## [Task details]
Up to and including the line with "Vimodrone. Via Luigi", write out the listing from its first line, minus the pictures.

## [Data block]
-=-=-
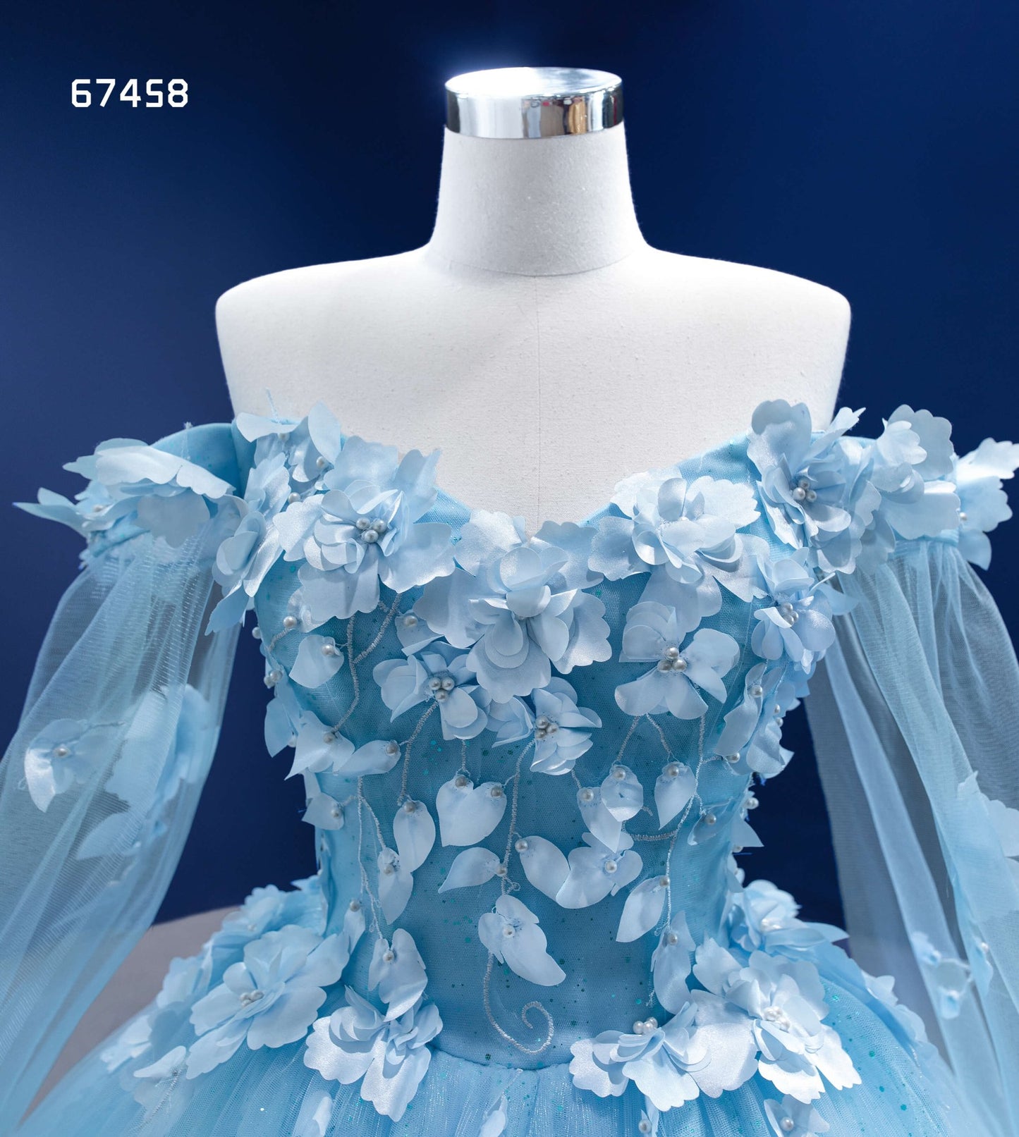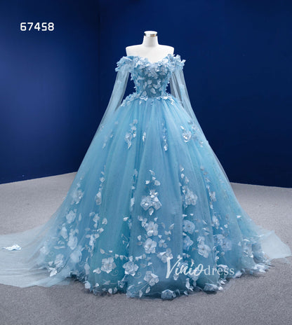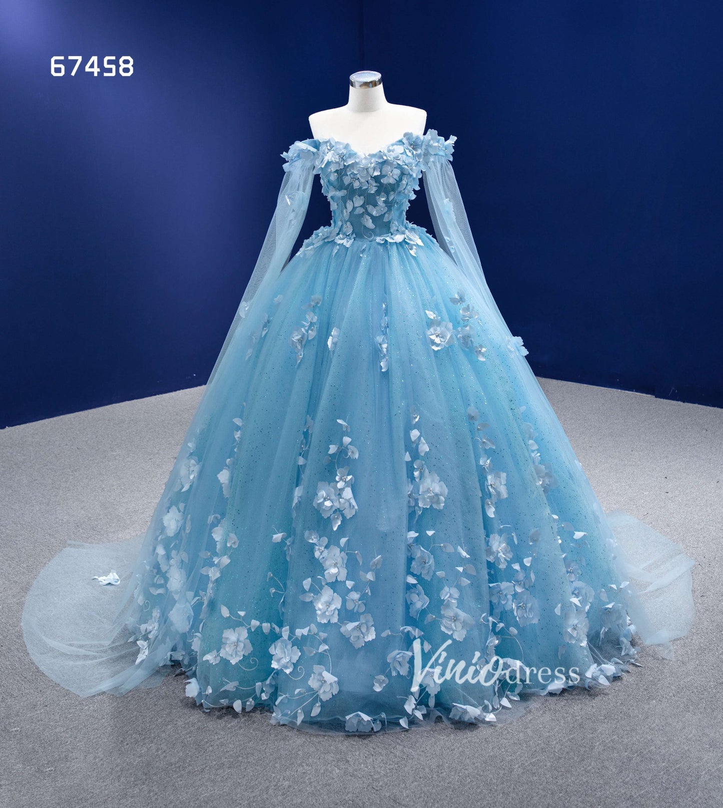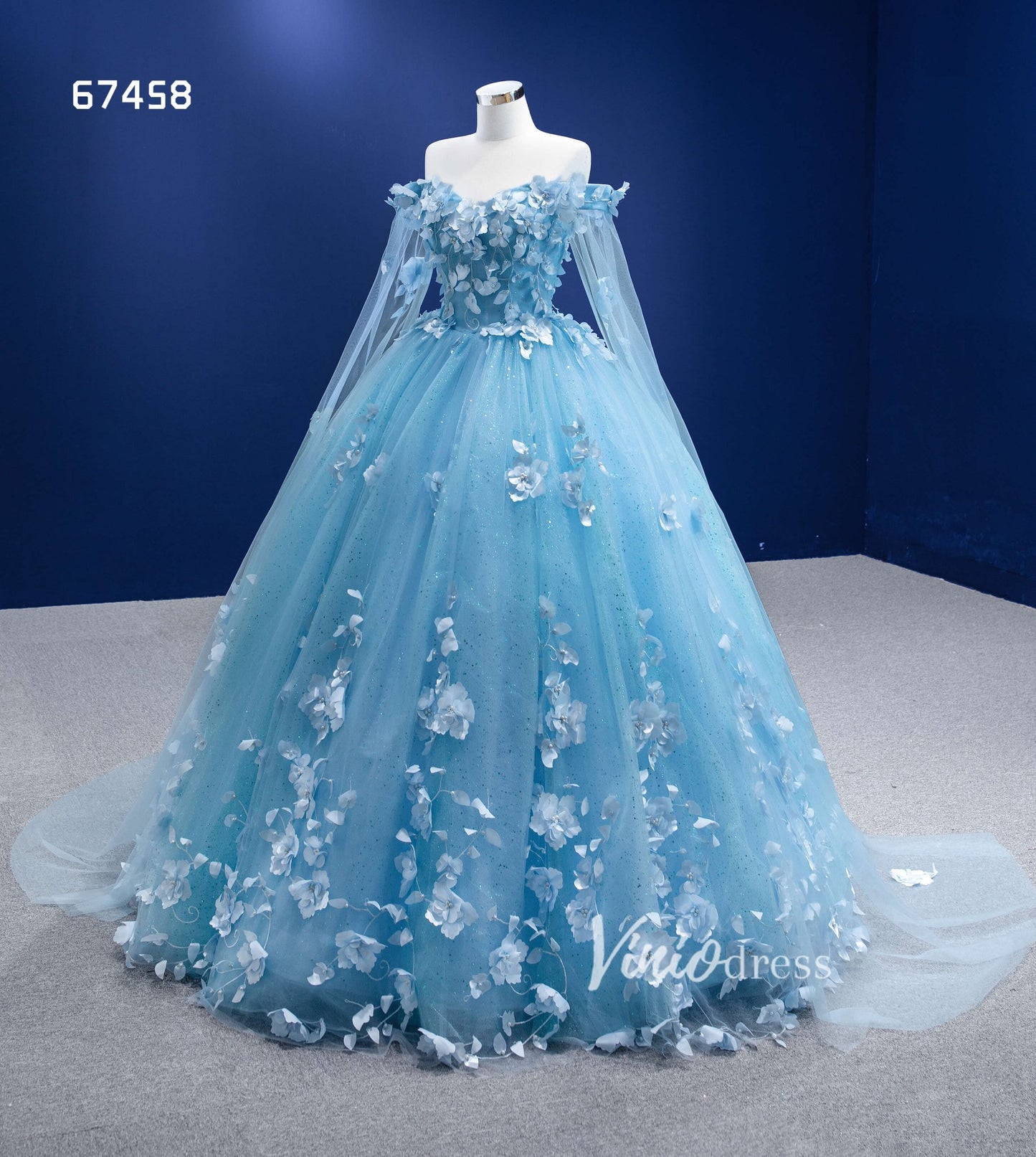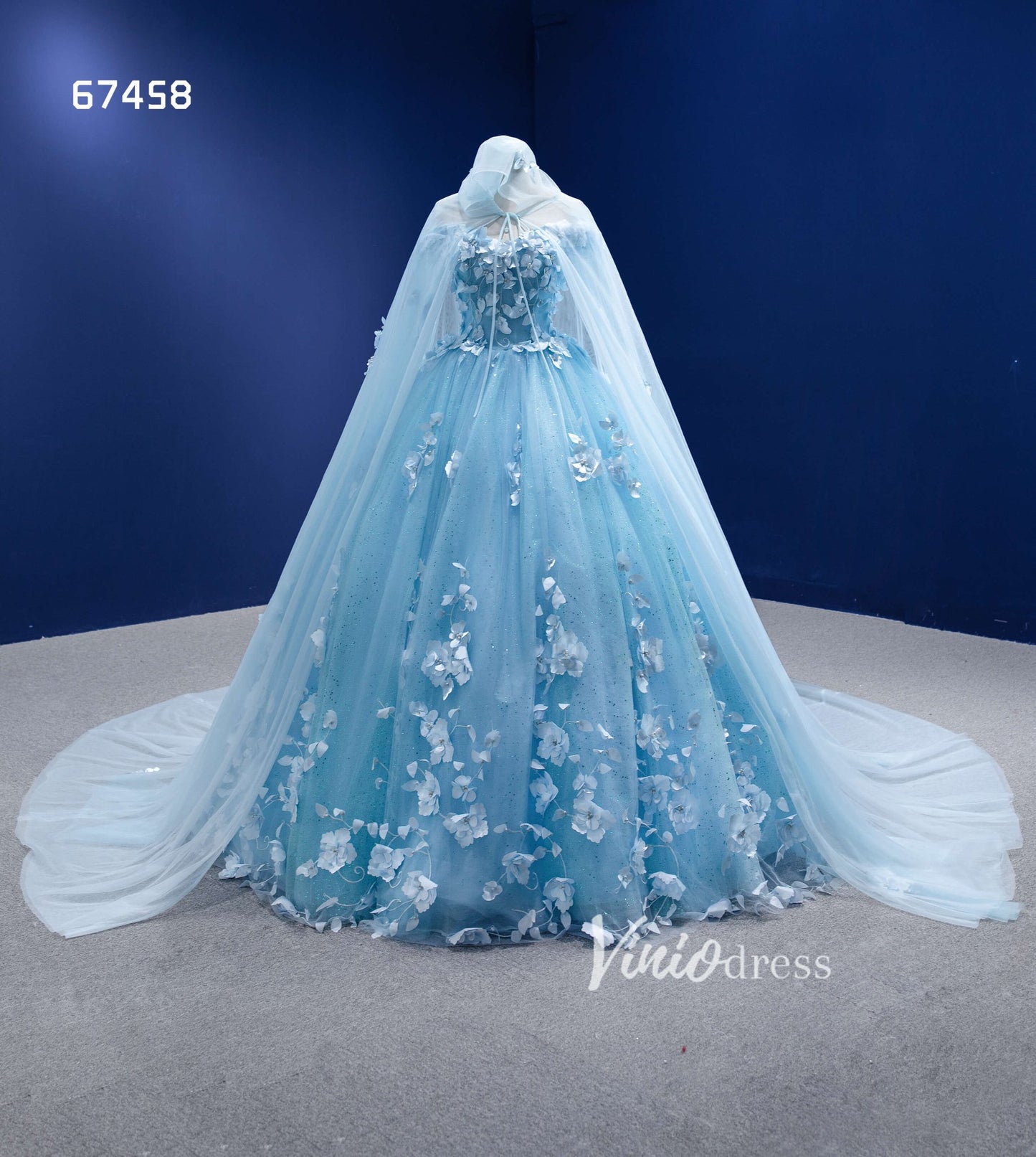 Vestido de quinceañera con flores en azul bebé, estilo princesa, con capa 67458
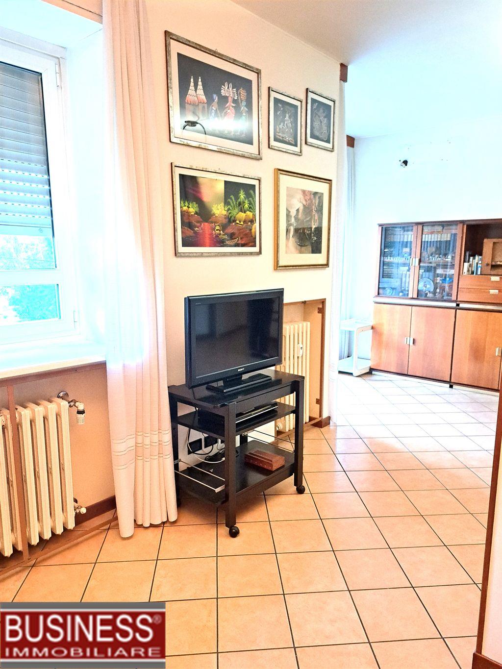 Vimodrone. Via Luigi Cadorna. In elegante contesto di metà anni 60,' con giardino condominiale, ascensore e riscaldamento centralizzato, proponiamo appartamento di 115 mq c.a. al primo piano con tripla esposizione e affaccio sul verde.
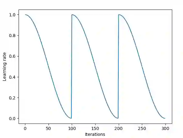 在 [2] 中,Leslie 提出了一种「三角」方法,这种方法可以在每次迭代之后重新开始调整学习速率。
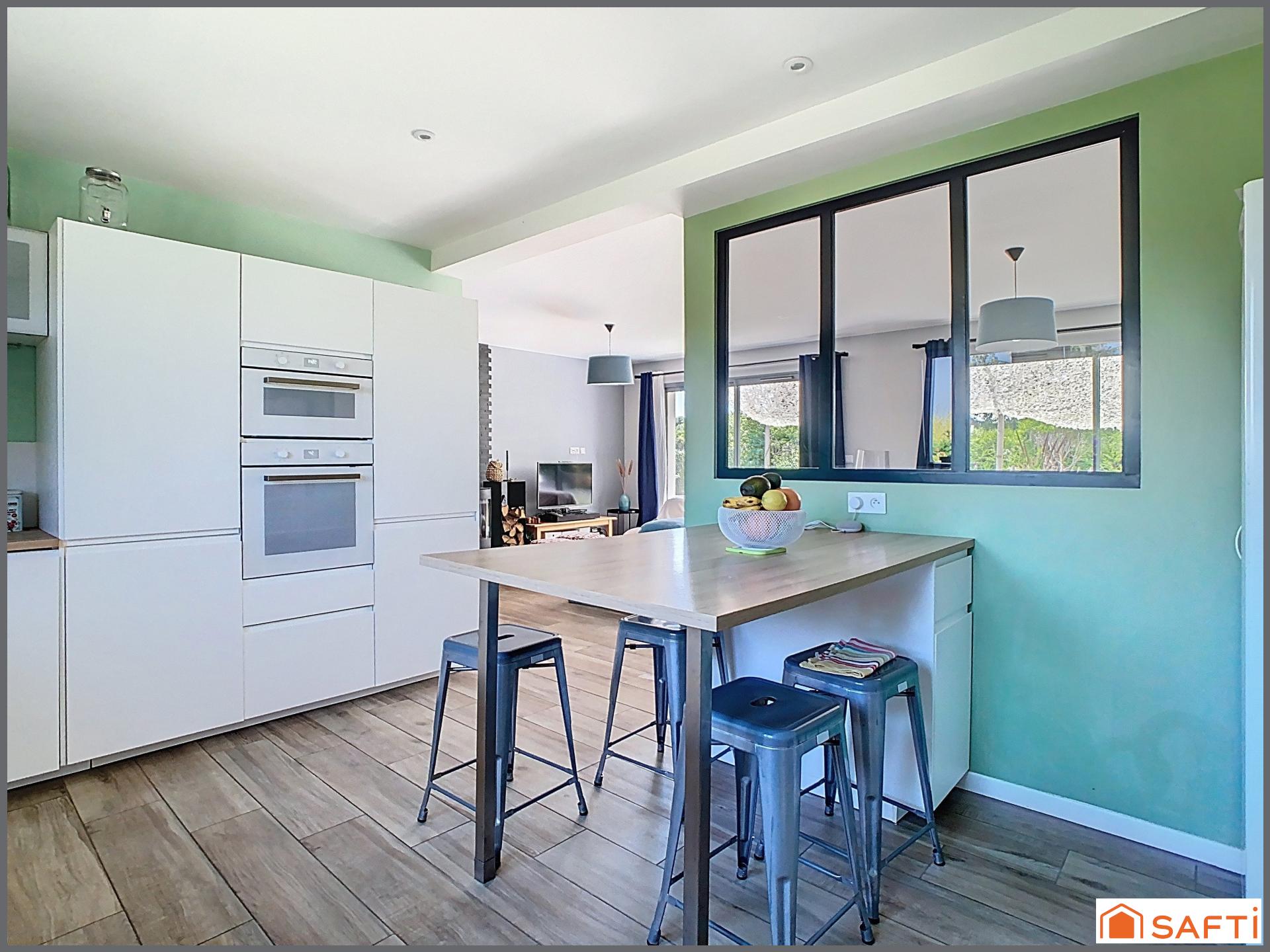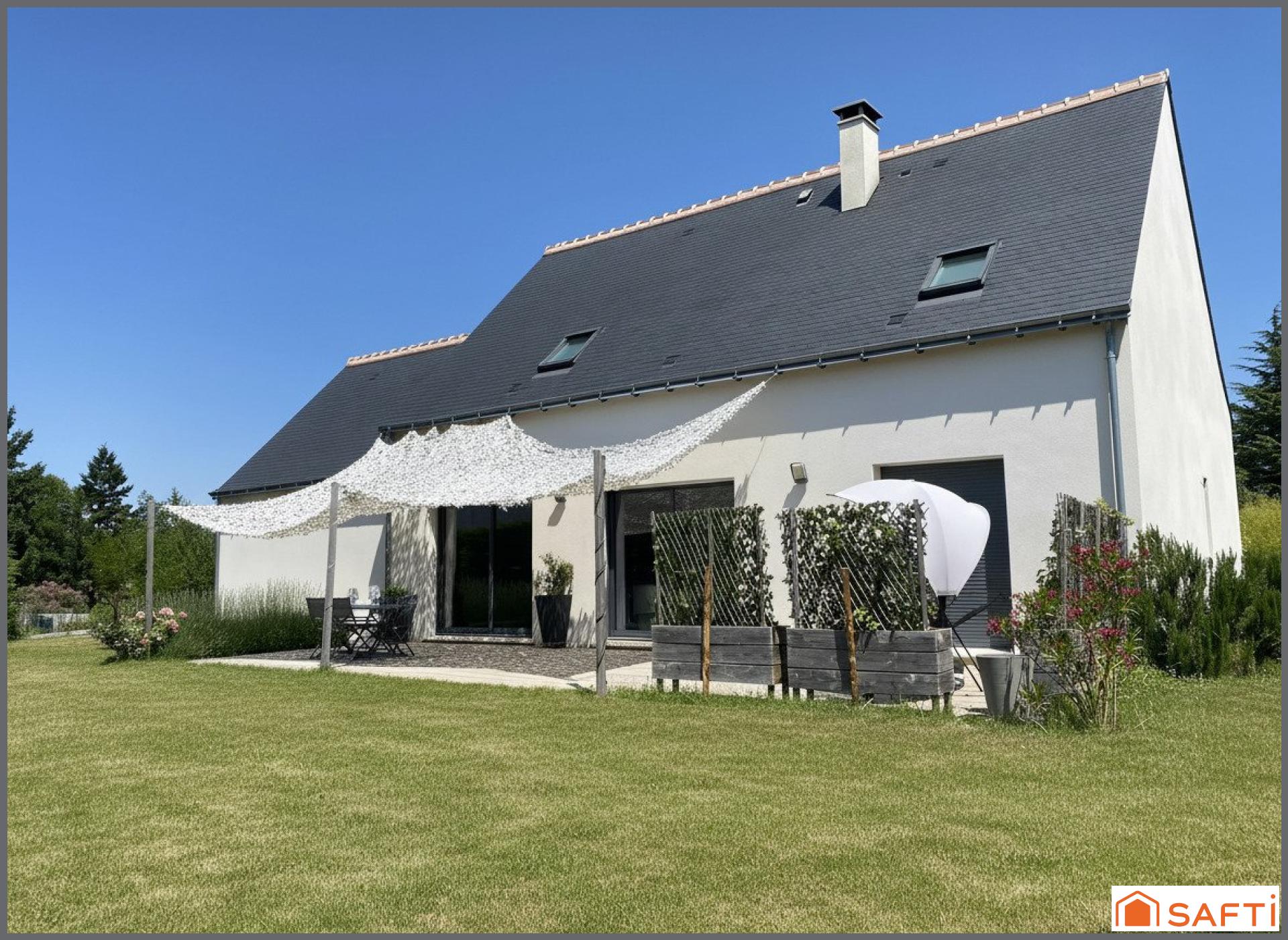 Dans un quartier calme, proche de toutes les commodités du centre bourg et des axes principaux, venez poser vos valises dans cette charmante et agréable maison d'architecte de 2019 de 147 m2. En rez de jardin, vous profitez d'une magnifique entrée, d'un vaste et lumineux séjour avec poêle à bois et accès sur une grande terrasse ensoleillée de 60 m2, d'une cuisine moderne aménagée et équipée avec coin repas, d'une arrière cuisine buanderie, d'un wc invité, d'un espace parental composé d'une chambre, d'un dressing et d'une salle de bains avec cabine de douche, baignoire et wc. L'étage offre de beaux volumes composés d'un bureau en mezzanine, d'un wc et de 3 chambres avec chacune sa salle d'eau privative. Vous bénéficiez aussi d'un garage attenant d'environ 30 m2 avec son grenier aménageable. La parcelle de 1000 m2 est totalement clôturée et piscinable. A votre écoute pour une visite .
-=-=-
## [Response to the task]
 Vestido de quinceañera con flores en azul bebé, estilo princesa, con capa 67458
 Vimodrone. Via Luigi Cadorna. In elegante contesto di metà anni 60,' con giardino condominiale, ascensore e riscaldamento centralizzato, proponiamo appartamento di 115 mq c.a. al primo piano con tripla esposizione e affaccio sul verde.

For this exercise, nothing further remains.